Generally, licensees should not need Commission approval to adjust their services to meet market demand where there is no interference. Allowing greater flexibility will enable the licensee to respond rapidly to market conditions. This argument again supports the idea of spread spectrum technology leading to a new paradigm of spectrum management. If the market demands new and broader solutions, the FCC and the current regulation should not be the obstacle to better services and more extensive and greater access to the spectrum.

Commissioner Ness indicated that the marketplace should resolve the debate between competing technologies. The free market will work better if the FCC avoids setting standards where the technology is an extension of an established service. However, after being disfavored for so long in comparison to licensed services, spread spectrum and other digital radio technology probably need some active assistance in order to share the spectrum without either allocation or interference.

While a system of open spectrum access generally means less regulatory involvement, it may actually necessitate larger governmental involvement in standard setting. Ness suggested that there is greater efficiency if spectrum users bear some relationship to the propagation characteristics of the spectrum.

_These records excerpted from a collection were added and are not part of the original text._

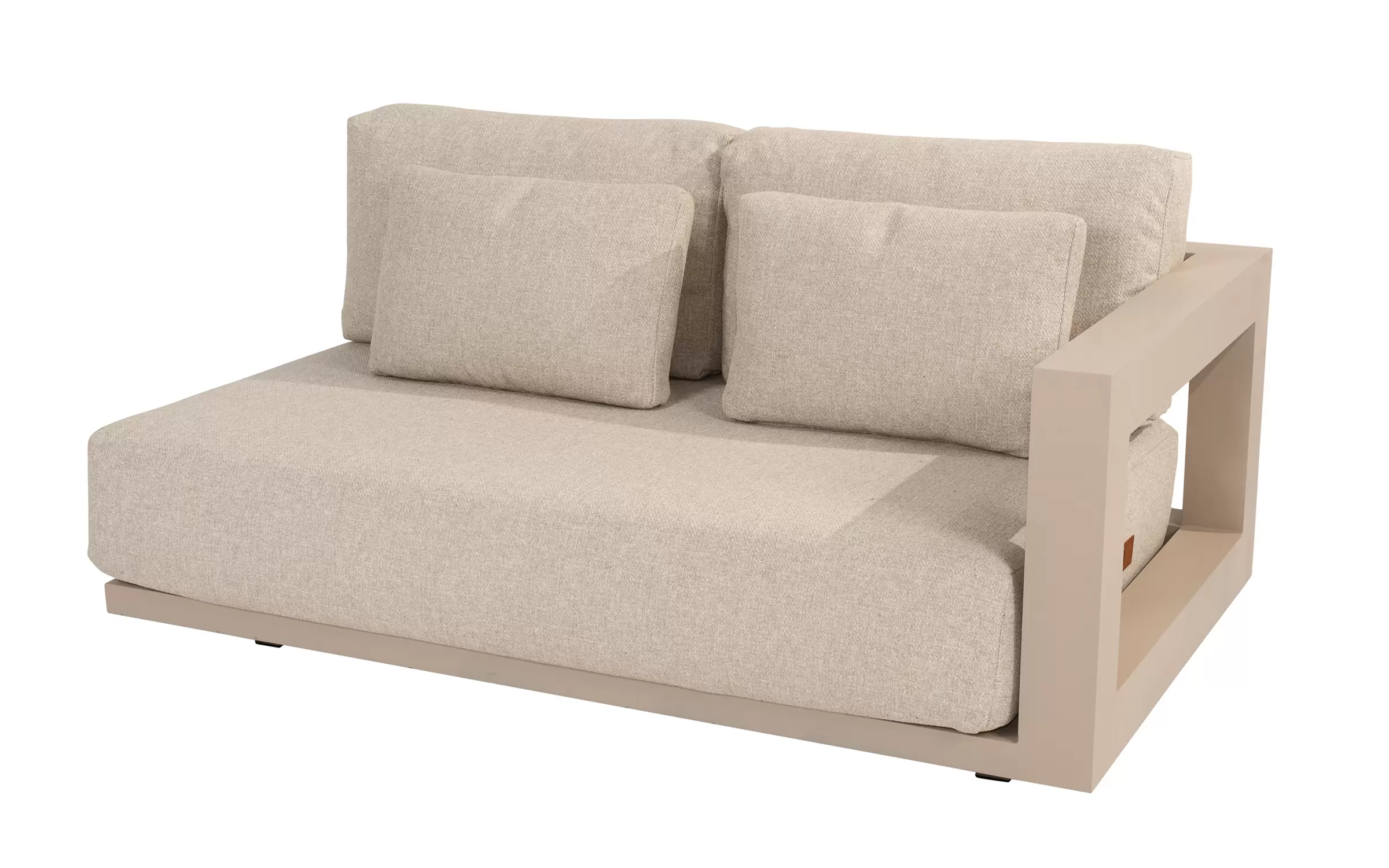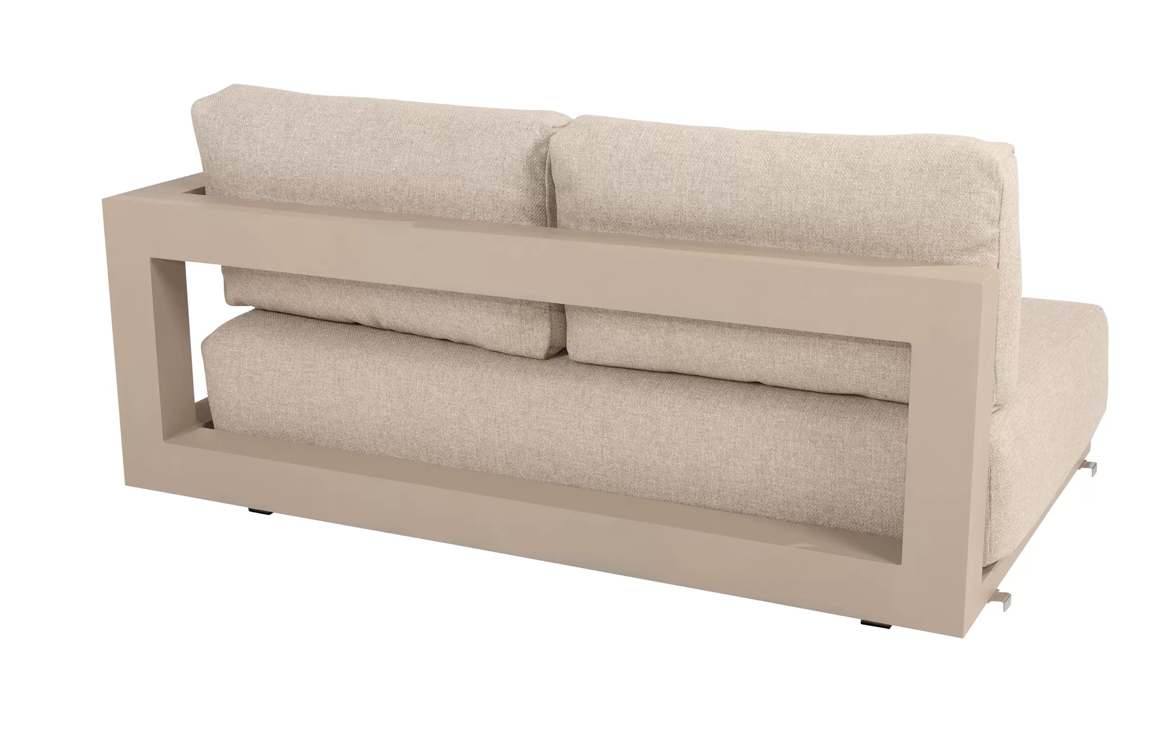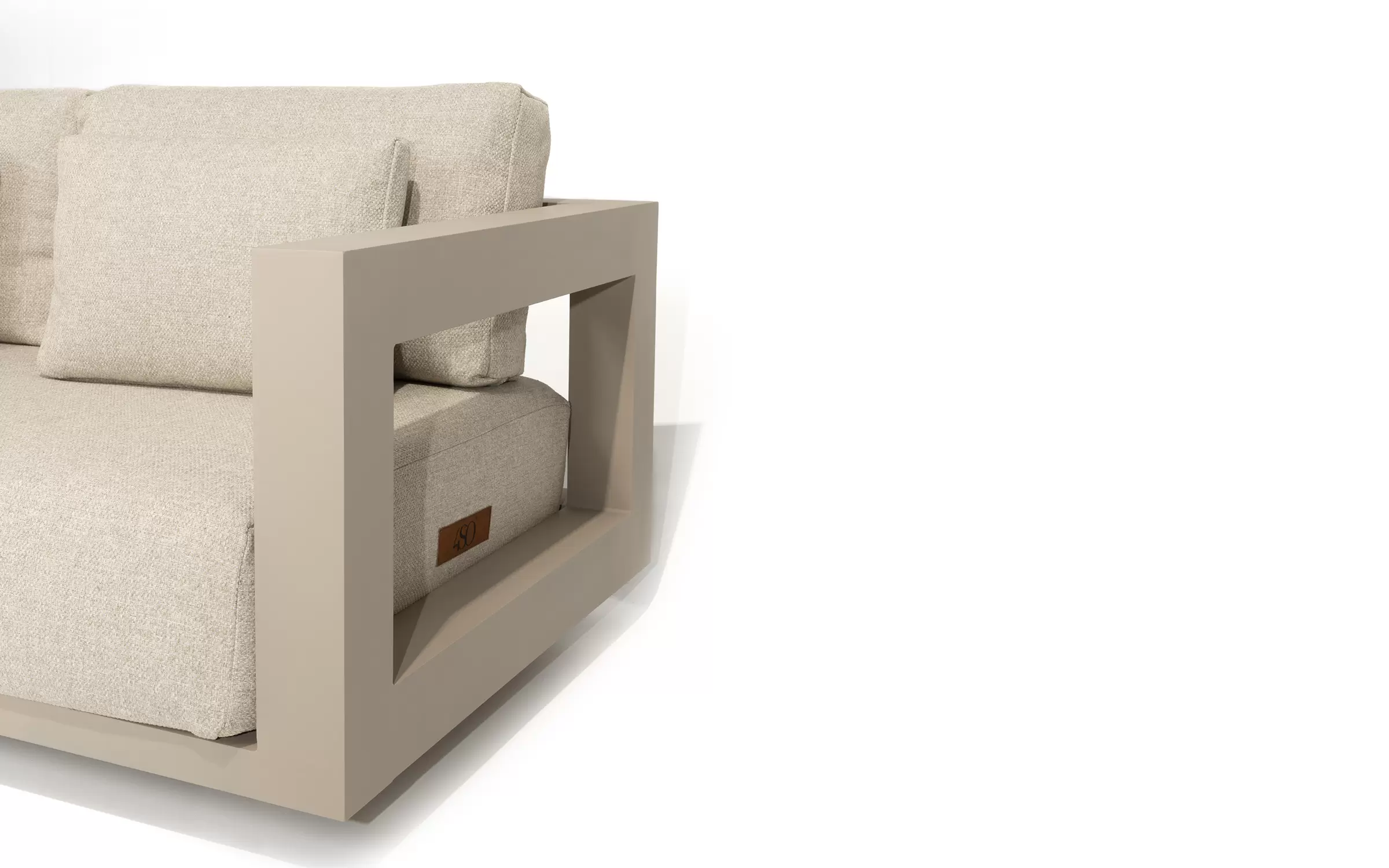 Sofa wypoczynkowa Metropolitan ma solidną i lekką aluminiową ramę, która jest wykończona trwałą powłoką proszkową latte, która zapewnia dodatkową wytrzymałość i nowoczesny wygląd.
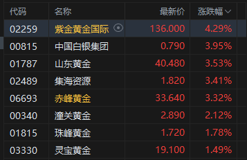 港股黄金股多数高开,紫金黄金国际涨超4%,涨近4%,、赤峰黄金涨超3%。
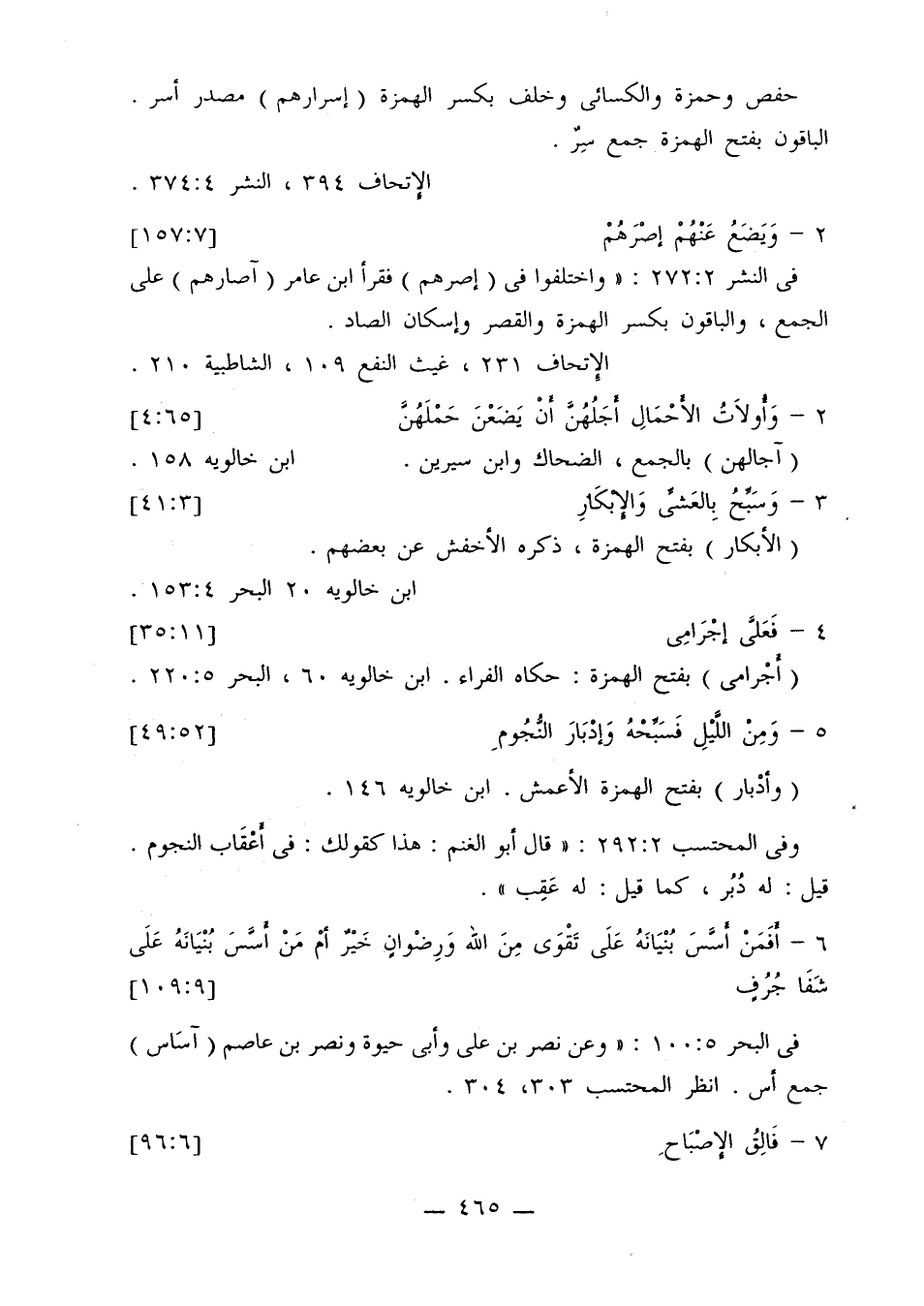 الإتحاف 231، غيث النفع 109، الشاطبية 210.

But not even a Wireless Summit can by edict eliminate the laws of physics. The higher the frequency, the shorter the wavelength and the shorter the distance the signal is carried. Mobility is best achieved in bands 2 GHz and below.

This is a critical point when looking at the actual stage of new technology experiments. The frequency ranges assigned to develop the spread spectrum services and others similar are very limited. In order to create a global impact using the new paradigm, it is necessary to have a broader part of the spectrum, and not simply a "black corner" as is the case today.

Somehow, Ness decided to express her sympathy for the auction methodology while developing this principle. However, she pointed out that there are times when the public is better served by not auctioning licenses. For example, she said that the FCC has set aside bandwidth for unlicensed services, such as cordless telephones, remote home and auto security devices, and wireless access to the Internet. This idea, among others, indirectly gives support to a new concept of spectrum management.

The judicial and legislative authorities of the United States presume that spectrum is scarce. They founded all the norms and jurisprudence on the spectrum scarcity presumption.